Студент попытался перечить, держа палец у переносья, поправляя очки, но даже Дан рассмеялся неуместности его сомнений. «Бесстыдство, господа… извините, товарищи, бесстыдство рождает скуку, потому что убивает тайну». А сам так и терся возле Берты, губы красные, шея потная.
Зенон улыбался, гордясь плодами, не утерпел, заговорил сам: «На знамени революции начертано: свобода, а это значит не только свобода слова, но и дела, не только дела, но и тела. Долой всяческие условности, пришло время сексуального возрождения, грядет главная диктатура — биологического естества. Веками попирались первозданные начала жизни. Стыдливость между полами есть искажение всего нормального, физиологического и здорового. Наша борьба будет непримиримой, на нашем знамени: долой стыд! Вырвем с корнем патологические наросты целомудрия, любви, брака и семьи. Да здравствует освобождение чувств от гнета буржуазной культуры!»
Собрав все мужество, Дан все-таки отозвал в сторону — полуголую Берту, представился: Даниил Беклемишев, эсер, член Московского Совдепа. Сказал об отце, о его завещании. Произвел впечатление, хотя Берта тут же предупредила: «Нет, нет, я никуда не пойду». Назвал свой адрес. «Если вам будет трудно, пожалуйста, обращайтесь ко мне. Помочь вам — это мой долг». — «А вы правда каторжник?» — Берта разглядывала его, будто ища клеймо, даже про свое тело забыла, легонько коснулась плеча Дана ладошкой — во плоти ли он?
Лига ревниво прислушивалась. Если бы он отважился настоять — пойдем отсюда, они ринулись бы на него с кулаками и стульями. Забрать то тело, на которое у них главная ставка! Дан поспешил откланяться. О Чистополе и не вспомнил. Нет, он не испугался ни кулаков, ни мебели, он устыдился двусмысленности своего визита — из спасителя сиротки он становился похитителем сабинянки. Берта потом его сама нашла…
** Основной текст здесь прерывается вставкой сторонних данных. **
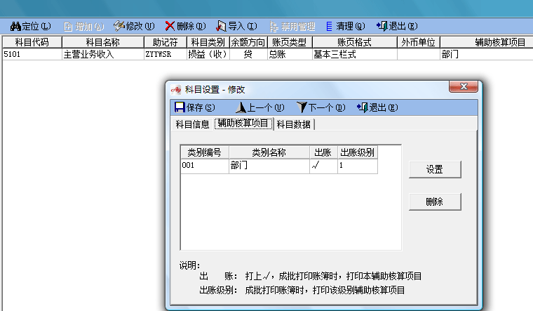 1,在科目“主營業務收入”,掛接輔助核算項目“部門”,如下圖: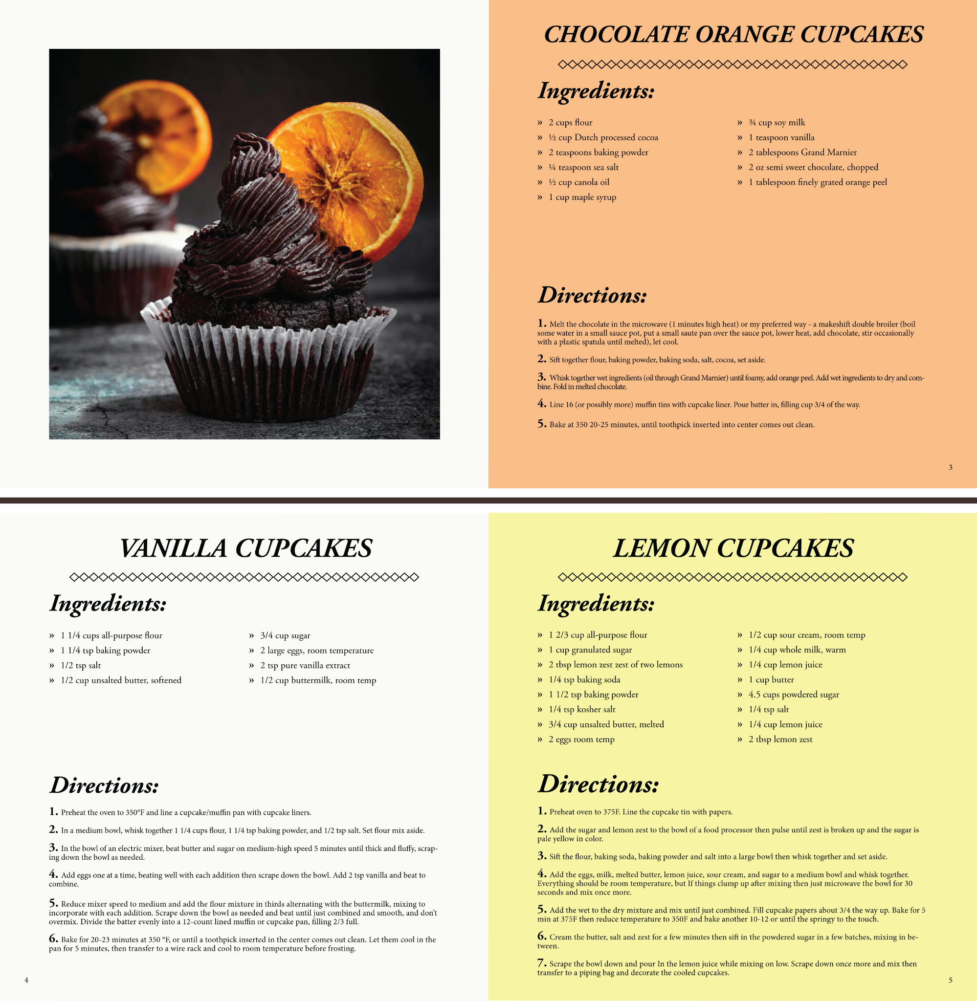 This is a recipe spread designed and laid out for a recipe Chocolate Orange, Vanilla, and Lemon Cupcakes.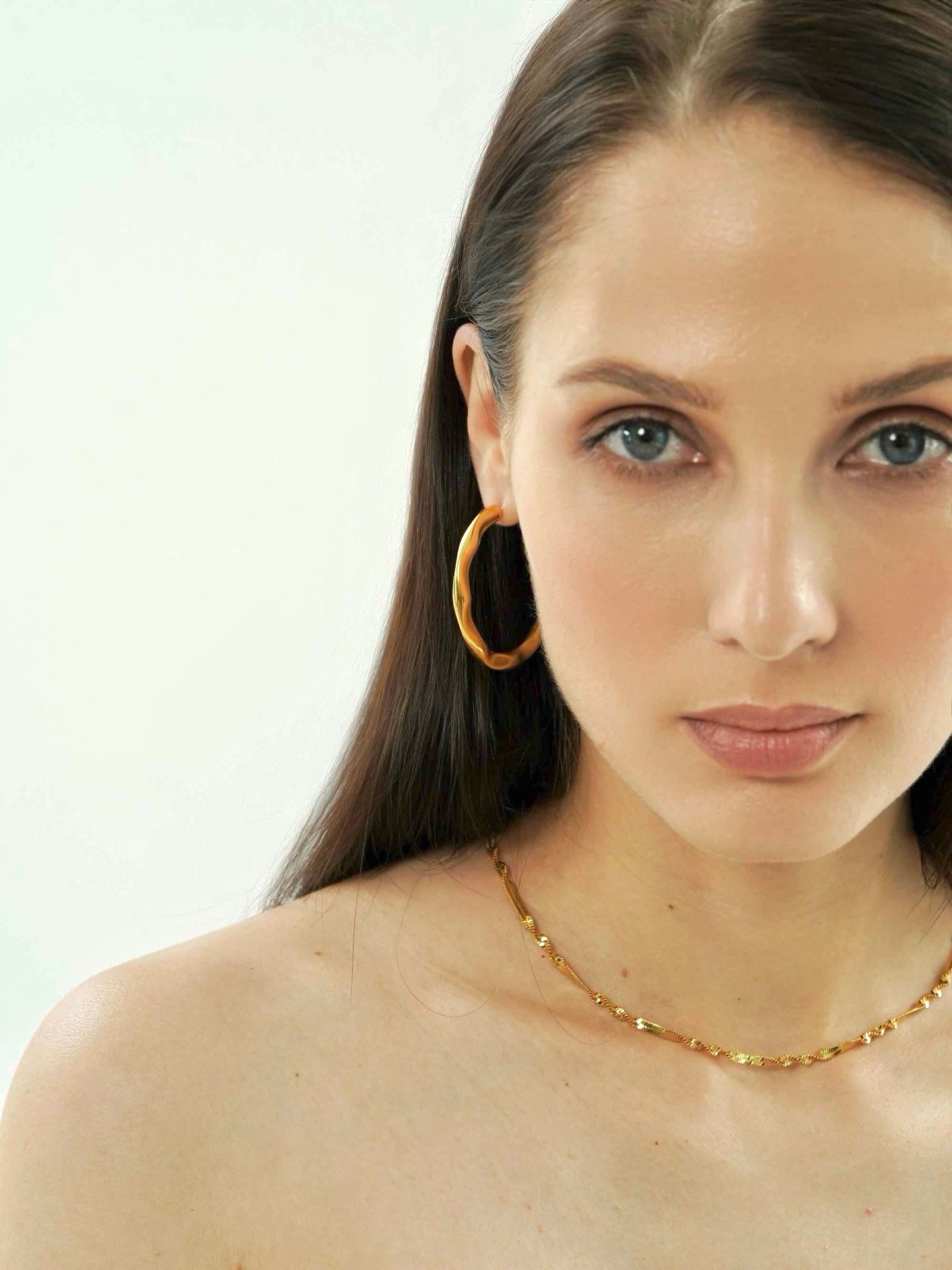 Explore the timeless allure of our Herringbone Necklace, a versatile gold chain piece that elegantly graces the neck. This luxurious herringbone choker, with its sleek snake chain design, is perfect for layering or wearing solo.

Бухнула набухшая дверь, Берта принесла газеты. Дан нетерпеливо схватил их, с наслаждением нюхая свежий шрифт, — он жить не мог без газет! «Известия ВЦИК», «Правда».
— А «Дело Народа»?
У Берты округлились глаза — снова бредит?
— Ее же давно закрыли, Дан, вы что?
— Ах, да, свобода слова, Ленин: «мы не можем к бомбам Каледина добавлять бомбы лжи».
— А в чем ложь? — сразу же возмутилась Берта, покривив рот. — Народ голодает, свирепствуют испанка, тиф, Чека.
Дан поморщился. Большевики разогнали лигу Зенона, Пролеткульт запретил обнажаться на сцене. «Вот у кого ни стыда ни совести — гонители естества!» Разогнали тех, запретили этих, реквизировали, национализировали, попирают свободу. А вот то, что они разогнали Московский Совет, отстранили от власти революционные партии, — этого обыватель не видит, тут он слеп, глух и туп.
— При Керенском за вшивое белье не расстреливали, — мстительно продолжала Берта, имея в виду «и лигу не закрывали».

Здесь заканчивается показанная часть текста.